Rust CUDA Project

Very cool to see this project get rebooted. I'm hoping it will have the critical mass needed to actually take off. Writing CUDA kernels in C++ is a pain.

In theory, since the NVVM IR is based on LLVM IR, rust in CUDA should be quite doable. In practice, though, of course it is an extreme amount of work.

Summary, from someone who uses CUDA on rust in several projects (Computational chemistry and cosmology simulations):

  - This lib has been in an unusable and unmaintained state for years. I.e., to get it working, you need to use specific, several-years-old variants of both rustc, and CUDA.
  - It was recently rebooted. I haven't tried the Github branch, but there isn't a release yet. Has anyone verified if this is working on current Rustc and CUDA yet?
  - The Cudarc library (https://github.com/coreylowman/cudarc) is actively maintained, and works well. It does not, however, let you share host and device data structures; you will [de]serialize as a byte stream, using functions the lib provides. Works on any (within past few years at least) CUDA version and GPU.

I highlight this as a trend I see in software libs, in Rust more than others: The projects that are promoted the most are often not the most practical or well-managed ones. It's not clear from the description, but maybe rust-CUDA intends to allow shared data structures between host and device? That would be nice.

I think that's true in most newer languages, there's always a rush of libraries once a language starts to get popular, for example Go has lots http client libraries even though it also has an http library in the standard library.

relevant xkcd, https://xkcd.com/927/

Damn.

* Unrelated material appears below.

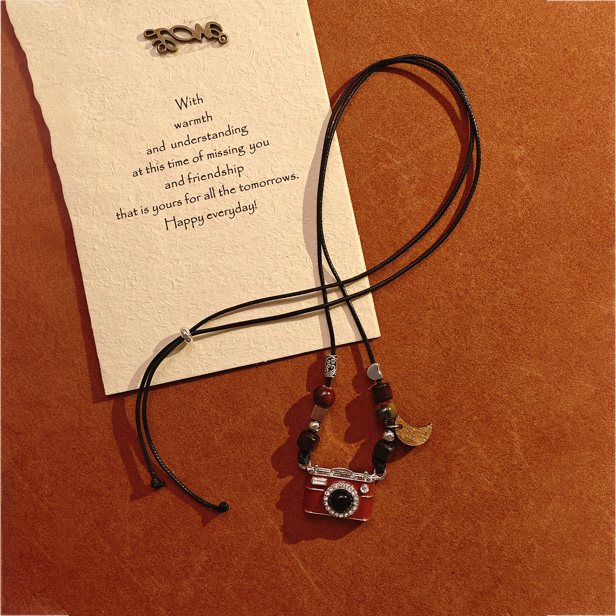 British Retro Moon Camera Pendant Necklace Women's Light Luxury Trendy Design Fashion Sweater Sweater Necklace

I transfered ownership over the cudnn and cudnn-sys crates (they are by now almost 10 year old crates that I'm certain nobody ever managed to use them for anything useful) to the maintainers a few years back as it looked to be on a good trajectory, but it seems like they never managed to actually release the crates. Hope that the reboot pulls through!

We observed the same thing here at Copper Robotics where we absolutely need to have good Cuda bindings for our customers and in general the lack thereof has been holding back Rust in robotics for years. Finally with cudarc we have some hope for a stable project that keeps up with the ecosystem. The last interesting question at that point is why Nvidia is not investing in the rust ecosystem?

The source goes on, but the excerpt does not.